El juez sitúa el origen de la trama contra la UCO en los días del “periodo de reflexión” de Sánchez

La investigación que dirige la Audiencia Nacional sobre una supuesta red destinada a interferir en causas judiciales vinculadas al PSOE y al Gobierno entra en una nueva dimensión política. El juez Santiago Pedraz sostiene que la presunta operación para desacreditar investigaciones policiales y judiciales comenzó a activarse en uno de los momentos más delicados para Pedro Sánchez: los cinco días de reflexión que anunció en abril de 2024 tras la imputación de su esposa, Begoña Gómez.

En un auto de enorme carga política y judicial, el magistrado describe la existencia de una estructura organizada que habría actuado de manera “sistemática y continuada” para neutralizar procedimientos que afectaban tanto al partido socialista como al entorno más cercano del presidente del Gobierno.

El instructor sitúa en el centro de la operación al entonces secretario de Organización del PSOE, Santos Cerdán, a quien atribuye un papel de dirección superior dentro de la supuesta trama.

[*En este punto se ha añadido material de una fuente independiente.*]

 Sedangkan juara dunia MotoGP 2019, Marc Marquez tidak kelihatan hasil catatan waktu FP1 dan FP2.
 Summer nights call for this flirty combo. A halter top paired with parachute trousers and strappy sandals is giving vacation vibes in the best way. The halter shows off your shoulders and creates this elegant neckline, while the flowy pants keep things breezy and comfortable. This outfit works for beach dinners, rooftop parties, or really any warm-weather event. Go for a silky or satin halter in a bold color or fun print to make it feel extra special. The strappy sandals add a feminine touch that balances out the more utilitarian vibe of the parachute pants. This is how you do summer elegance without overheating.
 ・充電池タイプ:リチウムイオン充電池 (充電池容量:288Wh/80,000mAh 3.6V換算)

Según el juez, Cerdán habría coordinado actuaciones a través de la exmilitante socialista Leire Díez, encargándole tareas destinadas a proteger los intereses políticos del partido frente al avance de distintas investigaciones judiciales.

La resolución judicial fija como momento clave una reunión celebrada el 26 de abril de 2024 en la sede del PSOE en Ferraz, apenas dos días después de que Sánchez anunciara públicamente su periodo de reflexión. Para Pedraz, ese encuentro marca el auténtico “punto de inflexión” de la actividad investigada.

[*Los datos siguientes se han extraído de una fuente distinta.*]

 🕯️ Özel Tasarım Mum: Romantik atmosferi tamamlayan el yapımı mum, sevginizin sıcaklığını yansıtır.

A aquella reunión habrían asistido, además de Leire Díez, el empresario Javier Pérez Dolset, el exresponsable de comunicación socialista Ion Antolín y Juan Manuel Serrano. El magistrado interpreta diversos mensajes y comunicaciones intervenidas como indicios de que existía una estrategia organizada para responder políticamente a las causas judiciales que comenzaban a cercar al entorno del Ejecutivo.

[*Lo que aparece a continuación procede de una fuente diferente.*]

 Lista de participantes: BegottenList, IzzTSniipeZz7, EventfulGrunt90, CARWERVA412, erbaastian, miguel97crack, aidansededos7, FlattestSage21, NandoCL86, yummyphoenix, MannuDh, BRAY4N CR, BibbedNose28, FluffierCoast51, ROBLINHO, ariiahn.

La investigación sostiene que el objetivo final de la supuesta red era frenar o desacreditar procedimientos relacionados con casos especialmente sensibles para el Gobierno, entre ellos las investigaciones sobre Gómez, David Sánchez —hermano del presidente— o distintas actuaciones impulsadas por la Unidad Central Operativa (UCO) de la Guardia Civil y la Fiscalía Anticorrupción.

Pedraz considera que la trama no solo actuó mediante campañas de presión o descrédito público, sino que también pudo utilizar recursos económicos y logísticos vinculados al propio PSOE. El auto habla de pagos encubiertos, facturas presuntamente falsas y financiación de actividades destinadas a sostener la operación.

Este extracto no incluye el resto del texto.